Support and skepticism from council members: Several council members expressed support for Shields’ experience and training-focused approach, noting the scale of operations she handled in Atlanta and Louisville. At the same time, others said they had read reports and received calls raising concerns about her prior leadership in other cities. One lawmaker said Buffalo “should not be a test case” and that the committee must exercise caution in voting on a commissioner who will face political and community scrutiny.

Solvability and interagency work: Shields outlined tactics to improve violent‑crime solvability, including tracing illegal guns, working closely with the ATF, rapid testing of shell casings and, where necessary, contracting accredited private labs for DNA testing to avoid public‑lab backlogs. She emphasized sharing information across units to avoid compartmentalization and improve conviction rates rather than just clearance numbers.

Mental health and diversion strategies: On homelessness and mental-health response, Shields described pre-arrest diversion partnerships with nonprofits and hospitals that place caseworkers alongside officers so eligible individuals can be directed to services instead of arrest. She argued co‑response models and embedding outreach staff at scenes can be effective alternatives to incarceration when capacity exists.

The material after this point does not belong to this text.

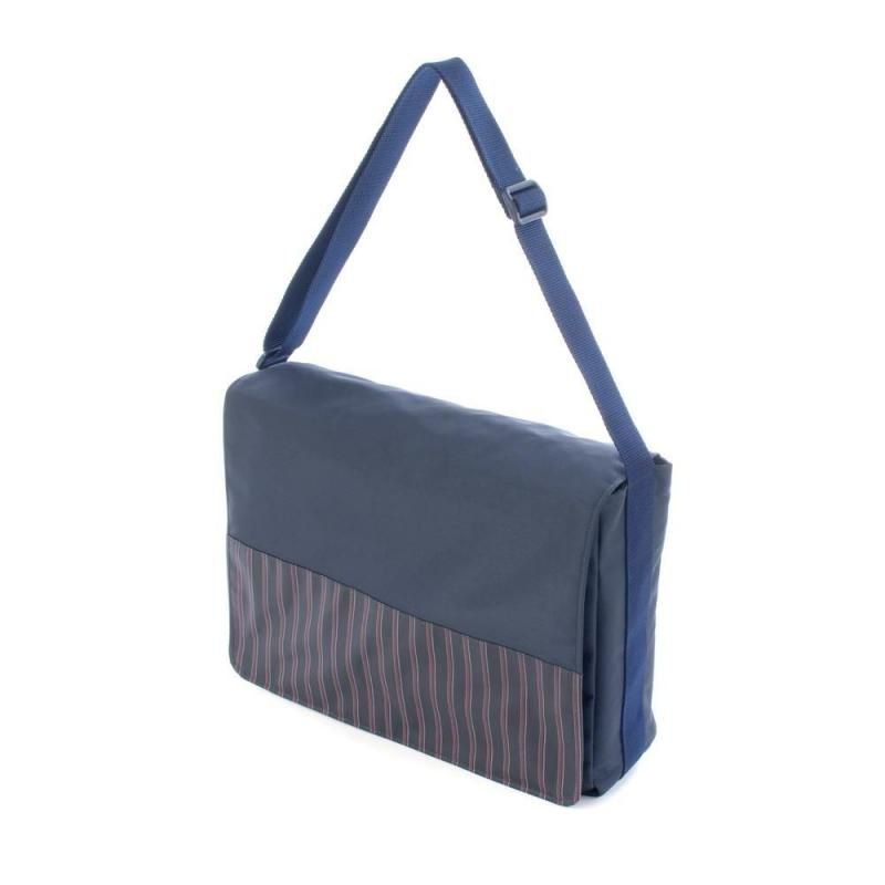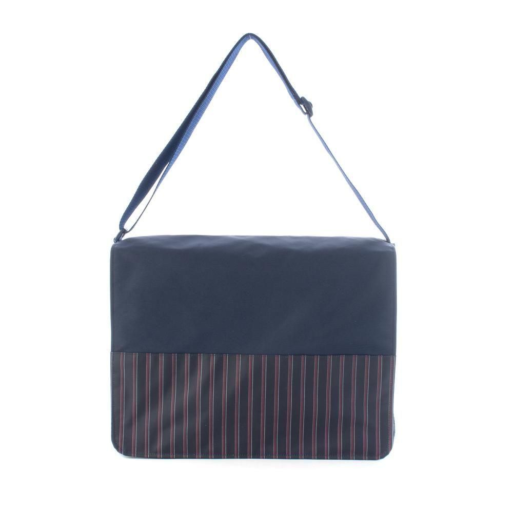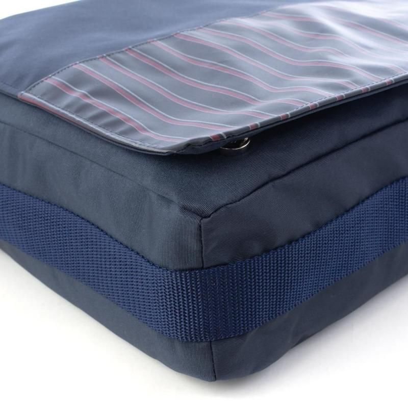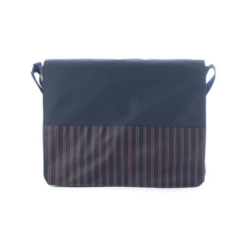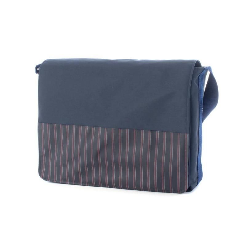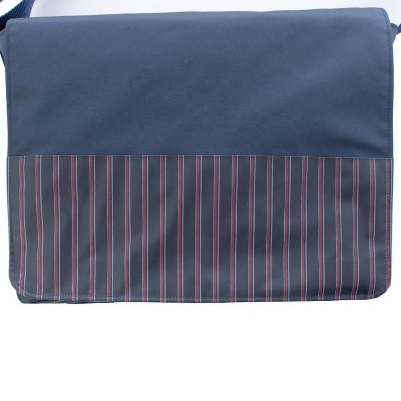 ネイビー地にストライプ柄を組み合わせたショルダーバッグ。

Overtime, planning and community policing: Council members asked how Shields would reconcile detailed planning with efforts to limit costly overtime and how she would work with the police union. Shields said she would engage the union and administration collaboratively and examine overtime figures to prioritize training, hiring and technology investments that ultimately improve officer safety and reduce overtime pressure. She also voiced support for pedestrian and bike patrols where feasible to increase officer-community contact.

Committee action and next steps: After several hours of questioning and exchange, the committee moved to close discussion and to report the nomination “without recommendation.” Seconds were recorded for the motions in the transcript, but no roll-call confirmation vote was recorded during the committee proceeding captured in the record. The committee adjourned following procedural motions.

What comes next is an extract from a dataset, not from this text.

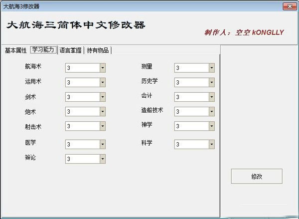 大航海时代3修改器是专用于一款自由度极高航海冒险类游戏大航海时代3的游戏辅助工具,玩家可以利用这个修改器在游戏中进行多种的数据修改,例如修改基本属性、学习能力、语言掌握、持有物品等等属性,可以帮助用户更好的去玩游戏,大大降低了游戏的难度系数,提高自己的游戏体验。有需要的玩家可以到此下载。
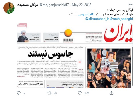 مژگان جمشیدی یکی از خبرنگاران روزنامه اعتماد و حمایت از جاسوسان محیط زیستی

What remains unresolved: Council members raised concerns about specific criticisms of Shields’ prior tenures, including community distrust in some neighborhoods and the limits imposed by collective‑bargaining agreements; Shields answered with a focus on training, oversight and cooperation with prosecutors and federal partners. The committee’s decision to report the nomination without recommendation leaves the matter to the broader council for final consideration.

The committee hearing provided detailed public testimony and a range of views from council members; it closed without a final confirmation vote in the committee transcript, setting the stage for further deliberation by the full council.